Aku menarik nafas. Bung Hatta diam. Tak ada senyum di wajahnya

Angku Hatta. Harga apa saja di Indonesia naik semua, kecuali satu.

Harga nyawa. Nyawa murah dan luar biasa jatuh nilainya. Di setiap demo

orang mati. Tahanan polisi gampang mati. Pencuri motor dibakar mati.

Anak-anak sekolah belasan tahun dalam tawuran, tanpa rasa salah dengan

ringan membunuh temannya lain sekolah. Mahasiswa senior yang garang

menggasak, menggampar, menyiksa juniornya sampai mati. Tahun depan

pembunuhan di kampus lain di ulang lagi. Dendam dipelihara dan

diturunkan"

Sesak nafasku. Bung Hatta diam. Matanya merenung jauh.

Alkohol, nikotin, judi, madat, putau, ganja dan sabu-sabu telah meruyak

dan mencengkeram negeri kita, mudah dibeli di tepi jalan, di sekolah, di

mana-mana. Indonesia telah menjadi sorga pornografi paling murah di

dunia. Dengan uang sepuluh ribu anak SLTP dengan mudah bisa membeli VCD

coitus lelaki-perempuan kulit putih 60 menit, 6 posisi dan 6 warna.

Anak-anak SD membaca komik cabul dari Jepang. Di televisi peselingkuhan

dianjurkan dan diajarkan."

Gelombang hidup permisif, gaya serba boleh ini melanda penulis-penulis pula.

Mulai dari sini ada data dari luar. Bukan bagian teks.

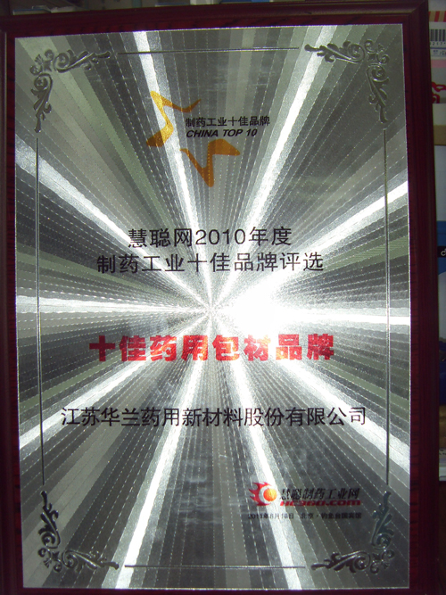 2011年8月18日,由慧聰制藥工業(yè)網(wǎng)主辦的“創(chuàng)新•責任•影響力——2010年度制藥工業(yè)十佳品牌評選”頒獎盛典在北京釣魚臺國賓館隆重舉行。經(jīng)過行業(yè)專家層層評審,慧聰揭曉了“十佳制藥裝備民族品牌”、“十佳制藥裝備創(chuàng)新品牌”、“十佳制藥裝備新銳品牌”、“十佳藥用原輔料品牌”、“十佳藥用包材品牌”、“十佳配套設(shè)備品牌”六大獎項。我公司“華蘭”品牌在本次評選中榮獲“十佳藥用包材品牌”稱號。

Penulis-penulis perempuan, muda usia, berlomba mencabul-cabulkan karya,

asyik menggarap wilayah selangkang dan sekitarnya dan kompetisi Gerakan

Syahwat Merdeka. Betapa tekun mereka melakukan rekonstruksi dan

dekonstruksi daftar instruksi posisi syahwat selangkangan abad 21 yang

posmo perineum ini.

Dari uap alkohol, asap nikotin dan narkoba, dari bau persetubuhan liar

20 juta keeping VCD biru, dari halaman-halaman komik dan buku cabul

menyebar hawa lendir yang mirip aroma bangkai anak tikus terlantar tiga

hari di selokan pasar desa ke seluruh negeri.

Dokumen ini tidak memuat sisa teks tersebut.